While Weiss is careful not to comment on whether the Jewish lobby in the United States exerts more political influence than the community's size, he says U.S. Jewish groups base their lobbying on economic interests.

"What I can say is that pro-Israel givers, like business interests, will give to any members of Congress that will act in its interests, regardless of geography," he says.

Keeping a Low Profile

In many circles, the political play of pro-Israel and pro-Palestinian special interest groups is seen as a match between what Zogby calls "New York politics," with its large Jewish vote, and "Michigan politics," where districts such as Dearborn are home to large Arab-American populations.

But while President Bush actively courted the American Muslim vote during his 2000 campaign, many experts say cases of racial profiling after Sept. 11 and Bush's perceived pro-Israeli stand have led many American Muslims to question their endorsement of Bush.

"They rather like George Bush, but they certainly feel beleaguered by some of his policies," says Smith. "I think American Muslims are keeping a low profile these days — they just want to be treated equally after 9/11."

Experts offer a combination of reasons for the weakness of the American Muslim and Arab-American special interest groups. Lindsay notes that the diversity of the American Muslim population — which includes Arabs, South Asians, East Asians and African-Americans — makes organizing a difficult task.

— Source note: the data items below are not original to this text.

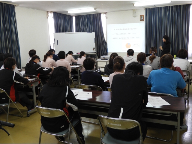 平成31年2月20日に、日本福祉大学中央福祉専門学校 専任教員 森由香子氏をお招きし、「事故防止研修2 ~介護現場でのインシデント介護事故について~」をテーマに、職場研修を開催しました。
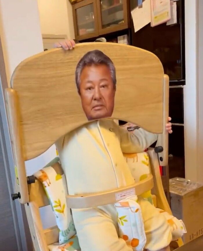 息子さんがベビーチェアのテーブル部分を持ち上げた際に、すべてが分かります。なんと、テーブルの裏側に梅宮辰夫さんの顔写真が張られているのです。
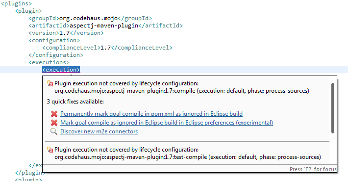 这只是m2e插件的一个问题,您可以使用标记为红色x的两个快速修复程序之一来摆脱它。如果您不想在pom中使用IDE特定的内容,我建议使用第二个(中间)快速修复选项。尽管如此,您还是应该能够通过maven构建,您的方面现在在构建中实际使用了aspectj-maven-plugin吗?
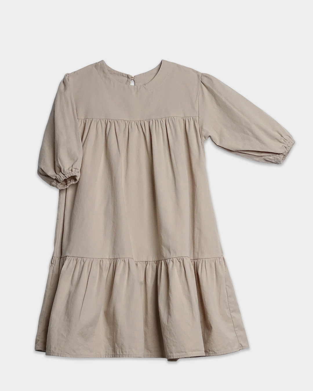 Made for movement and charm, the Bubble Volume Dress brings a soft silhouette and gentle fullness to everyday dressing. Crafted from breathable cotton, this sweet style features elbow-length bubble sleeves, a flowing tiered body, and a button keyhole at the back for easy changes. Whether it’s a playdate or a family day out, it’s the kind of comfy-elevated piece they’ll want to wear on repeat.
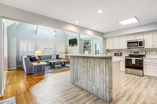When you walk in the front door the airy and bright open floor plan directs your eyes to the spaciousness of the main living area. Livingroom, dining room, kitchen and even a sunroom allows for plenty of space for everyone to gather comfortably. Prepare wonderful meals for 10 in the well equipped kitchen; enjoy a casual grilled dinner or a lively game in the dining space or the sports game of your liking on the large screen TV. There are 2 bedrooms and 2 bathrooms on the main floor, one being the primary with a King bed and en suite bathroom. The primary also has its own deck access! The second bedroom has 2 twin beds and a bathroom with tub and shower combo. There is a great deck off the main living space outdoor meals prepared on the grill or just enjoying your morning coffee with the peek a boo ocean view.
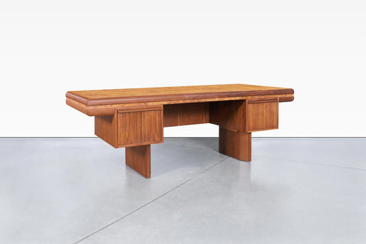 Mid-Century Modern Executive Burl Wood and Walnut Desk
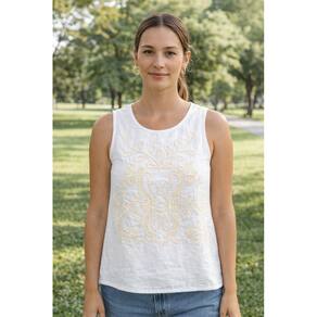Delicada e elegante, a Blusa Regata Bordado Ren é perfeita para compor looks leves e sofisticados. Confeccionada em viscose com linho, possui toque macio, caimento fluido e aspecto natural, ideal para os dias mais quentes. O destaque da peça fica por conta do bordado, que adiciona charme e um acabamento refinado ao visual. Com modelagem confortável e versátil, a regata pode ser usada tanto em produções casuais quanto em combinações mais elegantes, ficando perfeita com saias, calças de alfaiataria, jeans ou shorts. Uma peça atemporal, fácil de combinar e indispensável no guarda-roupa feminino.
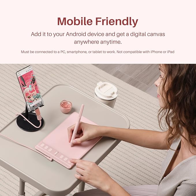 - [Mobile Friendly]: Enjoy creating on your Inspiroy 2 graphics drawing tablet and see your drawings and paintings come to life on your Android smartphone or tablet (OS version 6.0 or later). It is also available for left-handed user.
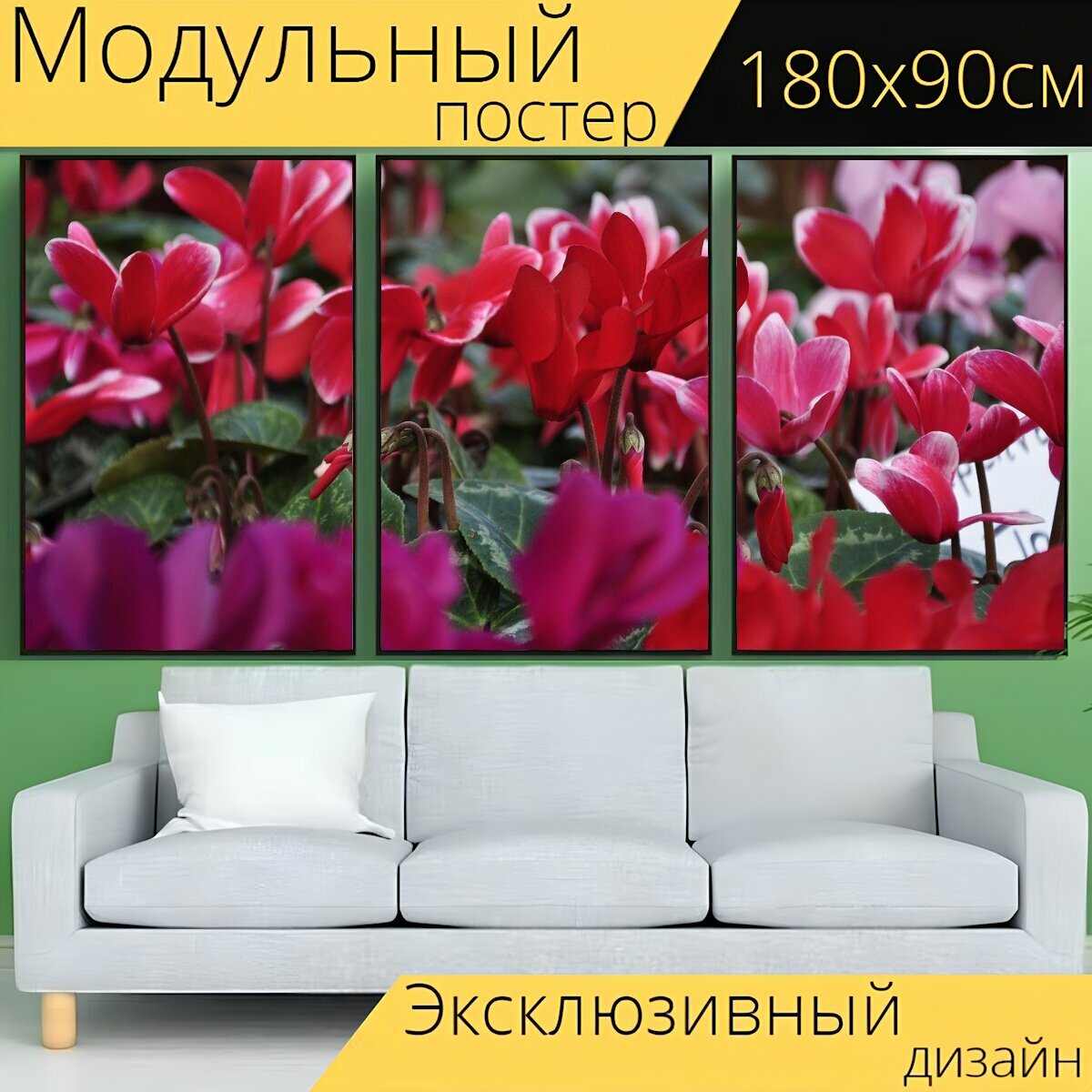 Модульный постер "Цветок, цикламен, красный" 180 x 90 см. для интерьера интересное:
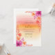 This design features a vibrant watercolor wash background reminiscent of a warm sunset, transitioning from soft peach to bright yellow. Delicate magenta hibiscus and orange blossoms adorn the edges, accented by slender painterly leaves. The artistic style creates a romantic and warm atmosphere perfect for a seasonal destination event.
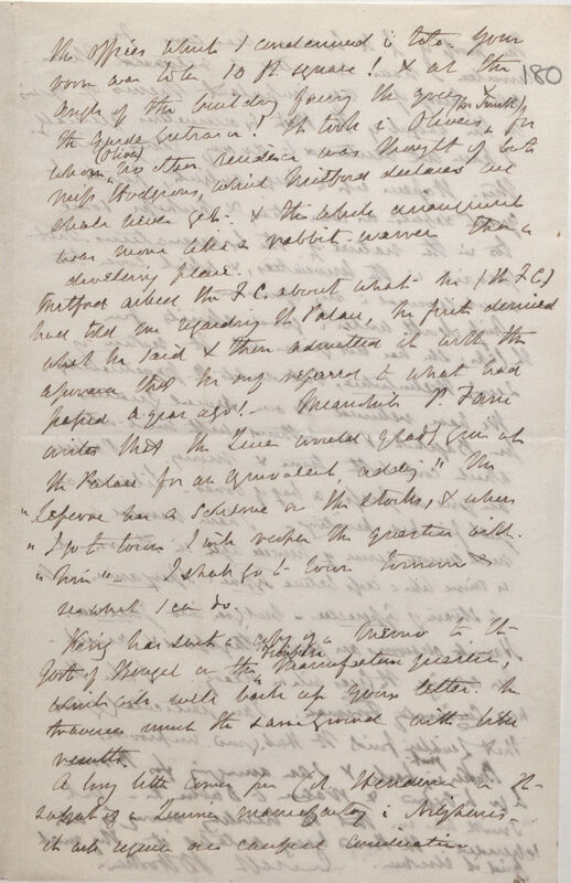 Mitford asked the F[rist]. C[ommissioner of Works]. about what he (the F.C.) had told me regarding the Palace, he first denied what he said & then admitted it with the assurance that he only referred to what had passed a year ago! Meanwhile P. Fane writes that the Queen would gladly give up the Palace for an equivalent, adding 'Mr Leferne has a scheme on the stocks[?], & when I go to town I will reopen the question with him' -- I shall go to town tomorrow & see what I can do.
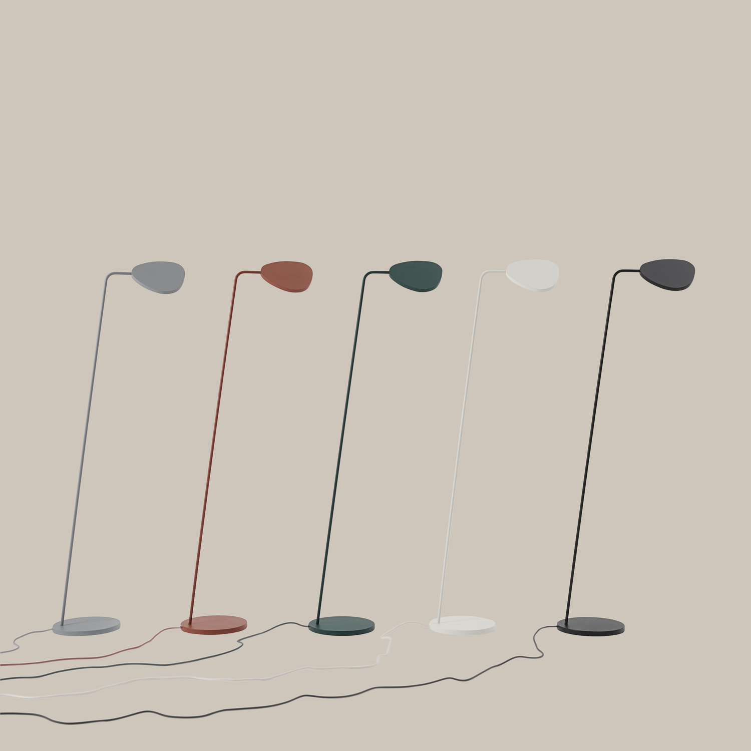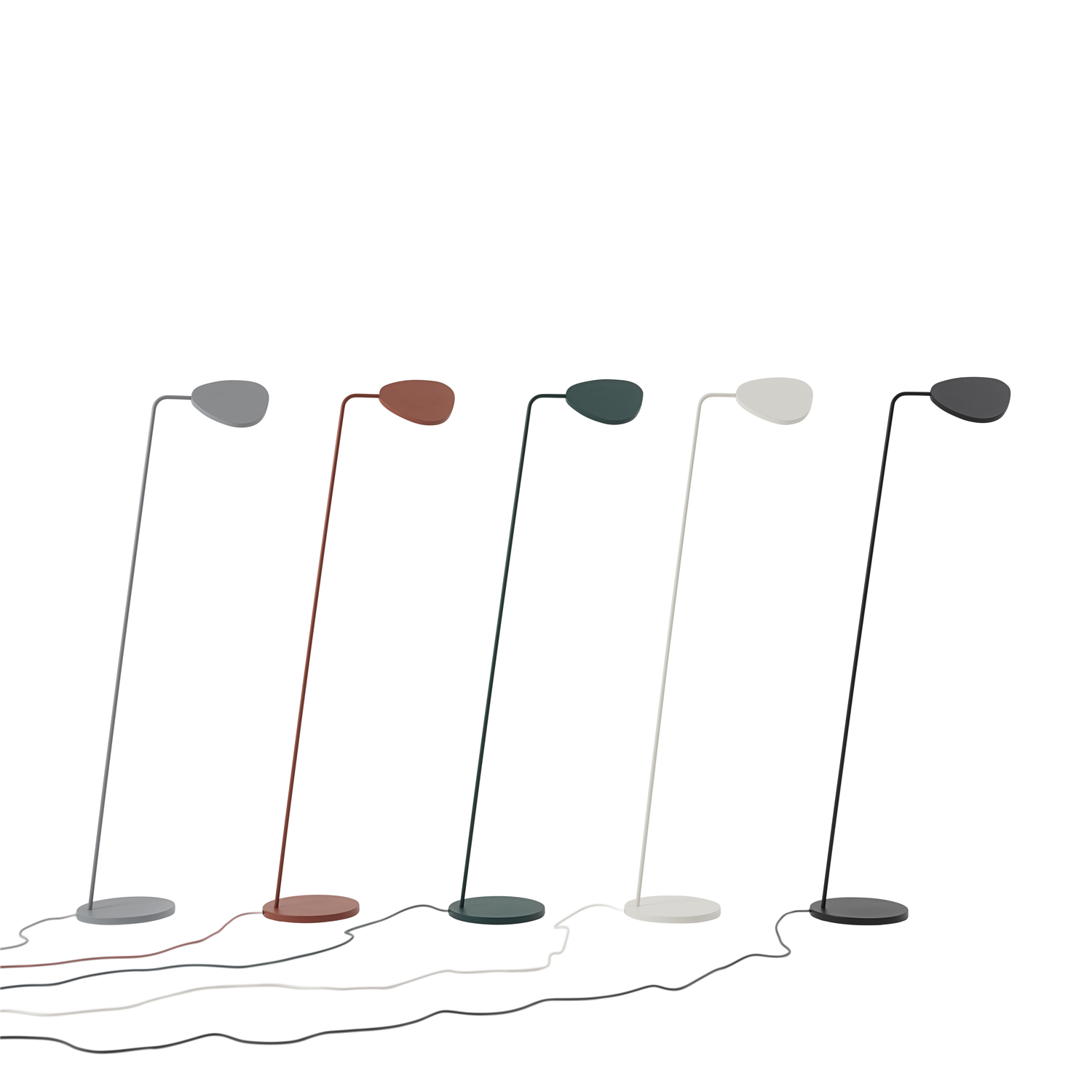 Aluminum, Brass, Coloured PVC cord. The Leaf Floor Lamp is a result of a process combining turned and casted aluminum and steel, with a strong powder coating as paint. It has a build-in energy-efficient LED bulb with a Lumen Maintenance (Lifetime) of L70 B10 54.000hrs
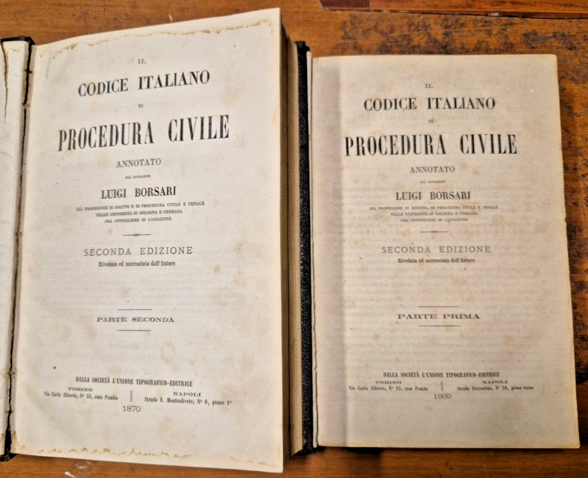 IL CODICE ITALIANO DI PROCEDURA CIVILE annotato Luigi Borsari 2 volumi 1869 Libr
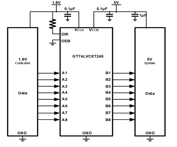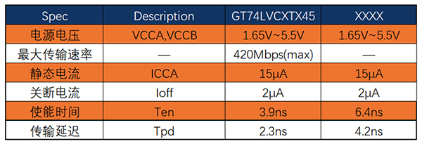 GT74LVCXTX45系列包括一路,二路,四路,八路和十六路收發(fā)器,是具有可配置電平轉換的雙電源總線收發(fā)器。最大傳輸速率可達到420Mbps,滿足高速數(shù)據傳輸要求。該收發(fā)器使用兩個獨立的電源軌,VCCA和VCCB的工作電壓范圍為1.65V至5.5V,支持寬電壓輸入。A端口參考VCCA,B端口參考VCCB,可以在1.8V、2.5V、3.3V和5.5V電壓節(jié)點之間實現(xiàn)通用低壓雙向轉換。具備VCC隔離特性,當任一VCC輸入端處于接地狀態(tài),則所有輸入端均處于高阻抗狀態(tài)。A端口和B端口的輸入電路始終處于激活狀態(tài),并具有邏輯高電平或邏輯低電平,以防止出現(xiàn)過多的ICC和ICCZ。GT74LVCXTX45的控制引腳由VCCA供電。該芯片的工作范圍為-40℃~125℃。
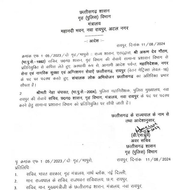 रायपुर (khabargali) राज्य शासन ने 2 आईपीएस अधिकारियों का तबादला किया है, गृह विभाग द्वारा जारी आदेश के मुताबिक आईपीएस अरुण देव गौतम और नेहा चंपावत के तबादले किए गए हैं।
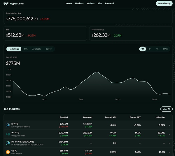 하이퍼렌드는 자산 구성과 운영 효율성 데이터 측면에서 건강하고 안정적인 성장세를 보이고 있습니다. 건강하고 안정적인 성장과 우수한 시장 적합성을 보여줍니다. 총 5억 2,400만 달러의 TVL은 주로 와스트하이프(2억 5,400만 달러, 48%)와 네이티브하이프(2억 6,000만 달러, 39%)로 구성되어 있으며, 이는 생태계 내에서 LST의 중요성과 유동성에 대한 강한 수요를 명확하게 반영하는 자산 분포입니다. 현재 총 차입 규모는 2억 6,700만 달러로 전체 활용률은 48%이며, 이는 디파이 대출 계약의 건전한 운영 범위 내에 속하는 수준으로 인출 수요를 충족할 수 있는 충분한 유동성을 확보하는 동시에 자본 활용을 최적화하여 합리적인 수익률을 달성하고 있습니다.
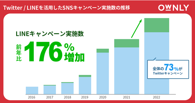 2022年にOWNLYを活用したSNSキャンペーンの内、73%がTwitterキャンペーン
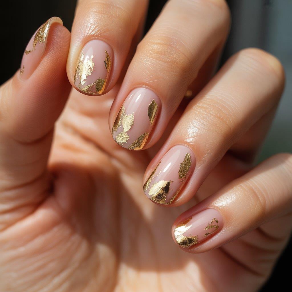 Gold flakes look fancy with zero effort. Just float a few pieces on a clear or nude base and boom—instant luxe.
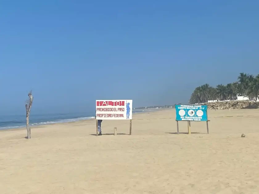 En el recorrido por la playa, un militar de uniforme color crema, tipo camuflaje del desierto, aparece de la nada y corta el paso. Estaba escondido detrás de un letrero azul en el que se adivina la palabra “STOP”; es un retén perdido entre carpas con camastros en los que se ofrecen masajes con aceite de coco, junto a hileras de palapas donde los viajeros se dan tremendas comilonas hasta que atardece.
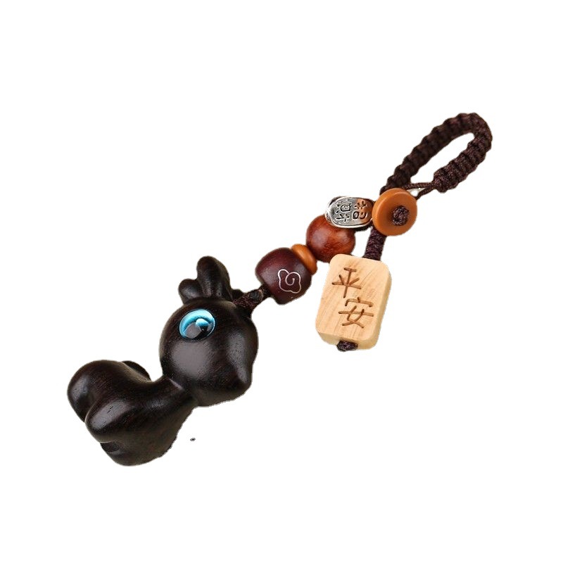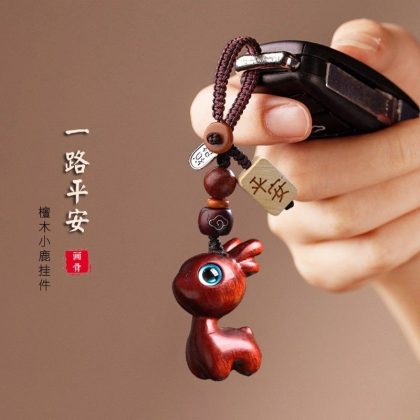 | nameOriginal | All the way hanging sandalwood deer car keychain hanging cute piece fresh mobile phone U chain flat pendant men and women ornaments |
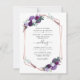 Convite para casamento em verde roxo roxo geométrico Você pode facilmente editar com seus detalhes de casamento clicando no botão "Personalizar". Apresentando um design moderno com um quadro geométrico rosa dourado, floração roxa e tipografia popular sobre fundo branco
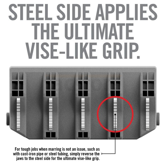 Die Smart-Jaws – Tube-Fit Sleeves für Master Gun Vise – revolutionäre Werkzeuge zum präzisen und einfachen Sichern zylindrischer Objekte. Diese verbesserten Schraubstockbacken sind so konstruiert, dass diese Schalldämpfer, PVC, Gussrohre und alle Arten von Rohren in einem sicheren Griff festhalten. Das doppelseitige Design bietet zwei unterschiedliche Griffflächen, die auf unterschiedliche Anwendungen zugeschnitten sind. Bei empfindlichen Gegenständen wie Schalldämpfern bietet die gummierte V-förmige Oberfläche eine nicht beschädigende und hitzebeständige Unterstützung, die eine ausreichende Griffkraft gewährleistet, ohne Ihre Investition zu beschädigen. Wenn Sie mit robusten Materialien wie Gusseisenrohren oder Stahlrohren arbeiten, bei denen Beschädigungen kein Problem darstellen, klappen Sie einfach die Backen um, um eine V-förmige Metalloberfläche freizulegen, die einen ultimativen schraubstockähnlichen Halt bietet. Diese Sleeves wurden speziell für die Verwendung mit dem Master Gun Vise entwickelt und können Rohre mit einem Durchmesser von bis zu 3,75’’ / 9.5cm effektiv aufnehmen, was sie zu vielseitigen Werkzeugen für die Sicherung verschiedener Größen von zylindrischen Objekten bei Wartung oder Modifikationen macht.
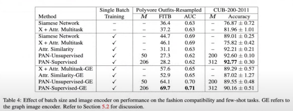 이전에는 이미지 유사도에 대한 batch 크기와 매개 변수의 차이에 대한 일관성이 없었지만 해당 연구에서는 whole 트레이닝을 하거나 또는 mini batch를 사용해서 정확도 차이를 서술했습니다. 그리고 image encoder에 있어서도 Graph encoder와 단순한 CNN이 Siamese network의 차이를 비교 서술했습니다. Polyvore Outfits에서는 PAN GE encoder가 단순히 그냥 종을 분류하는 이미지 데이터셋에서는 Siamese 보다는 PAN 기반 네트워크가 정확한 것을 확인할 수 있습니다.

According to Ibish, a number of Arab-Americans come from a world where there is widespread disappointment in politics and they find it difficult to understand the complex inner workings of the American political system.

What's more, says Ibish, "A lot of people look at the scope and scale of the opponent [the pro-Israeli lobby] and conclude it's impossible."

Suicide Bombings Add to Work Load

Thousands of miles away from the bloodshed in the Middle East, pro-Palestinian groups also face the daunting challenge of attempting to woo American hearts while hard-line Palestinian groups continue to support suicide bombings as a tactical weapon in the current intifada.

"In the long term what will determine the effectiveness of both sides will be the behavior of Palestinians and Israelis in the Middle East," says Lindsay. "So long as Hamas, the Islamic Jihad and the Al Aqsa Martyrs Brigade remain wedded to using violence, pro-Israeli groups will have an open door in the United States."

In the face of a mighty military opponent — where Israel's defense expenditure is 30 percent larger than the combined defense spending of Egypt, Iraq, Jordan and Syria — pro-Palestinian groups say the heart of the matter is the Israeli occupation. Or as one of the banners at the pro-Palestinian protests on Sunday put it: "It's the occupation, stupid."

But at the AIPAC conference, where the theme was "America and Israel standing together against terrorism," Barak vocalized the pro-Israeli stance. "Arafat and his aides keep repeating it's all about occupation, occupation, occupation," said Barak. "But I tell you it's all about terror, terror, terror."

Ibish dismisses what he sees as the Israeli lobby co-opting the Sept. 11 attacks.

"Everyone is doing that," he says. "The Russians are doing it in Chechnya, the Indians in Kashmir, but I think in time Americans will grow weary of these links because it's not true that an insurgent movement like the Palestinian cause is comparable to shadowy, underground organizations like al Qaeda."

And recalling the situation about 15 years ago, when many local and national candidates returned money to Arab-American businesses, Zogby says the community has come a long way — and things can only get better.

"In many ways, we're holding our own," he says. "And we're now certainly in a position where we're arguing our case."